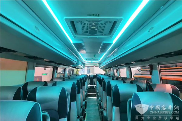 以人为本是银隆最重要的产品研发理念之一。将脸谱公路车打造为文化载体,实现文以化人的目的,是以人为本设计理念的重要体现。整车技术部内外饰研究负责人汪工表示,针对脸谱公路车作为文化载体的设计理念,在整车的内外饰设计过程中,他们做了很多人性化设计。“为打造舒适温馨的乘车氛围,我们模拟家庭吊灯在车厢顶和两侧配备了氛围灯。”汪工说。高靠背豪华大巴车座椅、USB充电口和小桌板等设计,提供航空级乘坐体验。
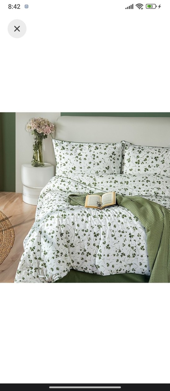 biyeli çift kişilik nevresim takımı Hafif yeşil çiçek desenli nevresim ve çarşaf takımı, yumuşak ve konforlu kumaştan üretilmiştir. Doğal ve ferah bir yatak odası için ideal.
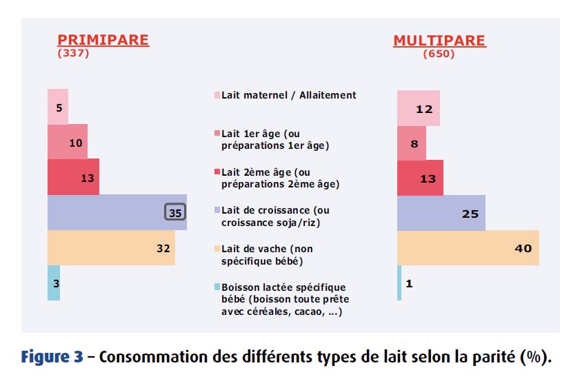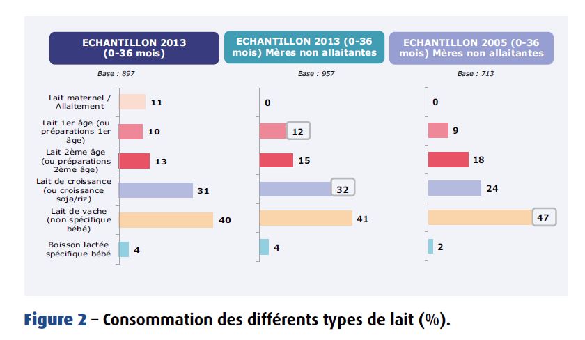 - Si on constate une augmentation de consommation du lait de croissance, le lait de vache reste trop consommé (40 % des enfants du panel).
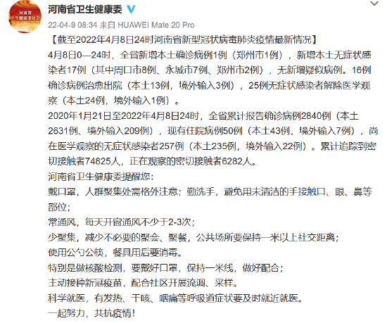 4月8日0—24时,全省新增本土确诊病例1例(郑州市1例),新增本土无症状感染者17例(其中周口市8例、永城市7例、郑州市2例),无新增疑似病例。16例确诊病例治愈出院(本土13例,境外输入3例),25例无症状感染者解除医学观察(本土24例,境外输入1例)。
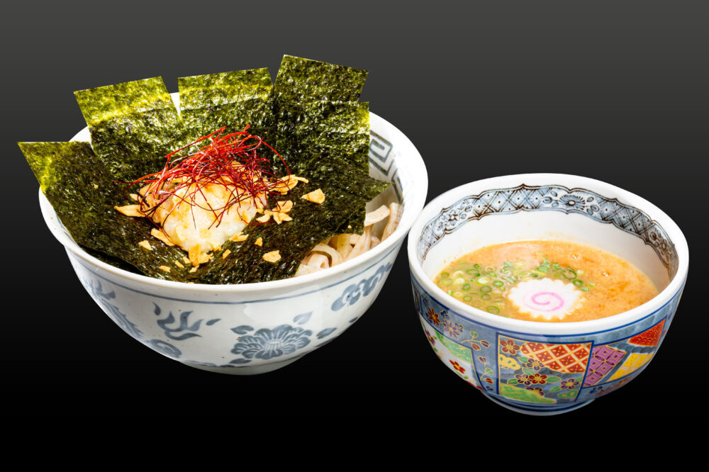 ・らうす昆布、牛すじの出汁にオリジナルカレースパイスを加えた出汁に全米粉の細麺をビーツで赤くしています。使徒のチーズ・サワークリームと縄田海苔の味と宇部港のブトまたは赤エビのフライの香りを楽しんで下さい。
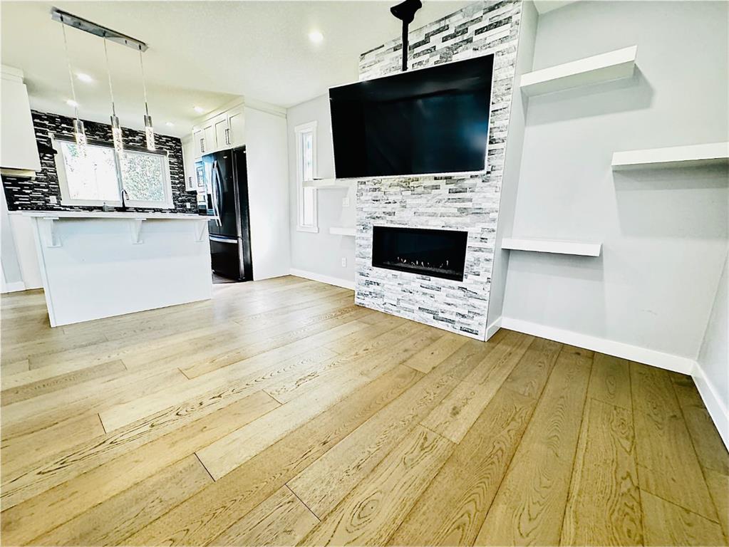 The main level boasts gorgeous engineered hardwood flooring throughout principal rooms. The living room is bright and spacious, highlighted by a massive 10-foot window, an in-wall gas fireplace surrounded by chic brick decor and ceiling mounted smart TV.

...

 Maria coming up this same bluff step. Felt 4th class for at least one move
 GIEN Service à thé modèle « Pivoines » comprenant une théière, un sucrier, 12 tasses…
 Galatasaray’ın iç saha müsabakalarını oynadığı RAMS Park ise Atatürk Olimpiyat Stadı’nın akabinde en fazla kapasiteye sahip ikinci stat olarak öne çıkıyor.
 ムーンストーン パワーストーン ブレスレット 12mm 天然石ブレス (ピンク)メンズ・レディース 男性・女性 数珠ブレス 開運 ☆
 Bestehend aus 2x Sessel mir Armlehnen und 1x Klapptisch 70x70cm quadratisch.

> WORK REQUIRED: Working from the data above, repeat exactly, and only, the lines that begin at the line containing "以人为本是银隆最重要的产品研" and stop after the line containing "The main level"; pictures are not copied.

> ANSWER TO THE PROBLEM:
 以人为本是银隆最重要的产品研发理念之一。将脸谱公路车打造为文化载体,实现文以化人的目的,是以人为本设计理念的重要体现。整车技术部内外饰研究负责人汪工表示,针对脸谱公路车作为文化载体的设计理念,在整车的内外饰设计过程中,他们做了很多人性化设计。“为打造舒适温馨的乘车氛围,我们模拟家庭吊灯在车厢顶和两侧配备了氛围灯。”汪工说。高靠背豪华大巴车座椅、USB充电口和小桌板等设计,提供航空级乘坐体验。
 biyeli çift kişilik nevresim takımı Hafif yeşil çiçek desenli nevresim ve çarşaf takımı, yumuşak ve konforlu kumaştan üretilmiştir. Doğal ve ferah bir yatak odası için ideal.
 - Si on constate une augmentation de consommation du lait de croissance, le lait de vache reste trop consommé (40 % des enfants du panel).
 4月8日0—24时,全省新增本土确诊病例1例(郑州市1例),新增本土无症状感染者17例(其中周口市8例、永城市7例、郑州市2例),无新增疑似病例。16例确诊病例治愈出院(本土13例,境外输入3例),25例无症状感染者解除医学观察(本土24例,境外输入1例)。
 ・らうす昆布、牛すじの出汁にオリジナルカレースパイスを加えた出汁に全米粉の細麺をビーツで赤くしています。使徒のチーズ・サワークリームと縄田海苔の味と宇部港のブトまたは赤エビのフライの香りを楽しんで下さい。
 The main level boasts gorgeous engineered hardwood flooring throughout principal rooms. The living room is bright and spacious, highlighted by a massive 10-foot window, an in-wall gas fireplace surrounded by chic brick decor and ceiling mounted smart TV.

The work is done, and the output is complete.